Mit Blick auf die ursprünglichen Beschlüsse des Grossen Rates und in Würdigung aller Umstände hat der Regierungsrat nun beschlossen, das Strassenstück doch ins Netz der Kantonsstrassen zu übernehmen. Dies auch unter Berücksichtigung der Tatsache, dass die Strasse vor allem an Wochenenden und Ausflugstagen touristisch stark frequentiert werde. Im Gegenzug wird die Gemeinde Fischingen weiterhin den betrieblichen Unterhalt, insbesondere den Winterdienst, übernehmen. Die Einzelheiten betreffend Abgrenzung des betrieblichen und baulichen Unterhalts zwischen der Gemeinde und dem Departement für Bau und Umwelt werden noch in einem Pflichtenheft festgelegt.
Weitere Meldungen:
Die kantonale Volksinitiative zur Stabilisierung der Staatsausgaben ist zustande gekommen. Die am 29. Mai überbrachten Unterschriften sind innerhalb der Sammelfrist eingegangen und somit rechtzeitig eingereicht worden. Die Überprüfung durch die Staatskanzlei hat 4 349 gültige Unterschriften ergeben. Als nächstes teilt der Regierungsrat dem Grossen Rat den Eingang des Volksbegehrens offiziell mit.
Regierungsrätin Monika Knill präsidiert die thurgauische Stiftung für Wissenschaft und Kultur. Der Regierungsrat hat sie anstelle ihres Vorgängers Jakob Stark zur Präsidentin ernannt. Seit der Gründung der Stiftung im Jahr 1999 wird das Präsidium von der jeweiligen Chefin beziehungsweise dem jeweiligen Chef des Departements für Erziehung und Kultur geführt.
Der Regierungsrat hat Dr. med. Bruno Rhiner, Chefarzt des Kinder- und Jugendpsychiatrischen Dienstes, in die Kommission für Gesundheitsförderung, Prävention und Sucht gewählt. Er ersetzt Dr. med. Ulrich Zulauf, der seinen Rücktritt eingereicht hat. Davon hat der Regierungsrat Kenntnis genommen, und er dankt ihm für die geleisteten Dienste.

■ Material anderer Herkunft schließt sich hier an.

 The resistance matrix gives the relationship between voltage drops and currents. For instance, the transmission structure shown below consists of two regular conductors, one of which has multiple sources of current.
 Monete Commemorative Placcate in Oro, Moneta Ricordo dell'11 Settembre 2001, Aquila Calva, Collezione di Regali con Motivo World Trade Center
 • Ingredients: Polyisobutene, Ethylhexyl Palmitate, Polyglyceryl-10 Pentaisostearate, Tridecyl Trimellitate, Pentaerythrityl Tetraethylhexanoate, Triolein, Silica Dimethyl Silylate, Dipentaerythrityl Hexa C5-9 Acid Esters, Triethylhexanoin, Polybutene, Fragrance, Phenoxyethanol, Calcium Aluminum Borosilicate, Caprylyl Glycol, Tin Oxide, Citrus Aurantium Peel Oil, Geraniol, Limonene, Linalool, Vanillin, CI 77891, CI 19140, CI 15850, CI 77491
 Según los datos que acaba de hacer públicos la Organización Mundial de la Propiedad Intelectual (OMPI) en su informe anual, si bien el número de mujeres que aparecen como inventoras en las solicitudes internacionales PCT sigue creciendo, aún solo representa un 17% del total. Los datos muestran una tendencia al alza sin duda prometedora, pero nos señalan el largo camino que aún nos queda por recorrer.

Der Regierungsrat hat Hanspeter Deflorin, Amriswil, zum neuen Mitglied der Berufsschulkommission des Bildungszentrums für Technik Frauenfeld gewählt. Er tritt die Nachfolge von Walter Scheidegger an, der seinen Rücktritt eingereicht hat und den der Regierungsrat unter Verdankung der geleisteten Dienste aus der Kommission entlassen hat.
Nach einer öffentlichen Ausschreibung hat der Regierungsrat verschiedene Strassenbauarbeiten vergeben. Es wurden folgende Arbeitsvergaben beschlossen: Kreuzlingen: Lärmsanierung Hafen-Seetalstrasse, 3. Etappe: Tiefbau und Belagsarbeiten für 863 000 Franken (Egolf AG, Weinfelden).
Lärmschutzwände für 1 037 900 Franken (Anliker AG, Emmenbrücke).
Langrickenbach: Fussgängerübergang Hauptstrasse Neuhof für 143 700 Franken (Baumann & Cellere AG, Amriswil).
Münchwilen: Sanierung Wilerstrasse für 321 100 Franken (H. Bruggmann AG, Münchwilen).
Münchwilen: Sanierung St. Margarethen innerorts für 290 900 Franken (Toldo AG, Rickenbach).
Pfyn: Sanierung Pfyn – Müllheim für 446 600 Franken (Hüppi AG, Frauenfeld).
Rickenbach: Kreisel Coop / Diga für 921 100 Franken (Egolf AG, Weinfelden).